“Gettarsi senza scudo sulla riga tagliente”
Intorno a Ingenuitas di Nanni Cagnone.

di Angelo Lumelli
   
Lumelli   1.
(gettarsi senza scudo
sulla riga tagliente)

Intendo prendere in parola quanto scrive Nanni Cagnone nel risvolto di copertina di Ingenuitas, poema del compianto e del linguaggio che si accorcia, come le Tristia degli antichi. Prendere in parola è gesto che mai si dovrebbe fare, per quanto, spesso, sia meglio di un’interpretazione.
L’antipatia che suscita questa pretesa di esigere ciò che è detto, vorrei fosse intesa, invece, quale predilezione per la parola data, al punto che non ciò che è detto importerà, bensì il gesto del porgere, lo stile del galantuomo, di cui si riconosce la bella voce.
Quindi, invece che per la trappola dell’interpretazione, ho deciso di optare per la trappola del senso fermo, quello che, mentre la trottola s’arresta, anch’esso sembra essere quello che è, la finta di una cosa.
Per quanto al senso fermo non creda nessuno, disposti noi medesimi a fare da trottola, c’è una ragione ex post, insita in questo libro, che sembra sostenere la possibilità di un’eccezione, una dispensa straordinaria mediante la quale la poesia, illegalmente, rischia di trovare ciò che cercava da sempre, quello “che si perde scrivendo”, come Nanni Cagnone sosteneva già dagli anni Settanta del Millenovecento (What’s Hecuba).
Ciò che viene ritrovato con l’atto della scrittura, sia lecito anticiparlo, non è quello perso di prima, né un trovatello se stesso, bensì una riduzione della distanza a quasi zero, così che anche la profondità si assottiglia a carta velina.

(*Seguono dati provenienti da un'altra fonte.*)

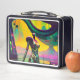 Cette boîte à lunch robot de science-fiction rêveuse comprend deux tableaux du surréaliste américain Ken Gage. Sur le devant se trouve Bridge Over the Robot Kwai. Sur le dos, Rêveur Psychaéronautique. Idéal pour un congrès fourre-tout ou juste une visite de collation régulière à votre sanitarium local.

Togliere profondità è togliere la più grande tentazione, ridiventando esseri inoppugnabili, abitanti della superficie.
Se “distanza è conoscere i due sensi della porta” (What’s Hecuba), con Ingenuitas Nanni Cagnone rinuncia a quel ventaglio tentatore, pretesto per l’infinito, e senza alibi si accomoda davanti alla porta chiusa.
Dunque Nanni Cagnone scrive: “Ingenuitas potrebbe essere – per così dire – il migliore dei miei libri, o per lo meno, l’unico che sia riuscito a sorprendermi”.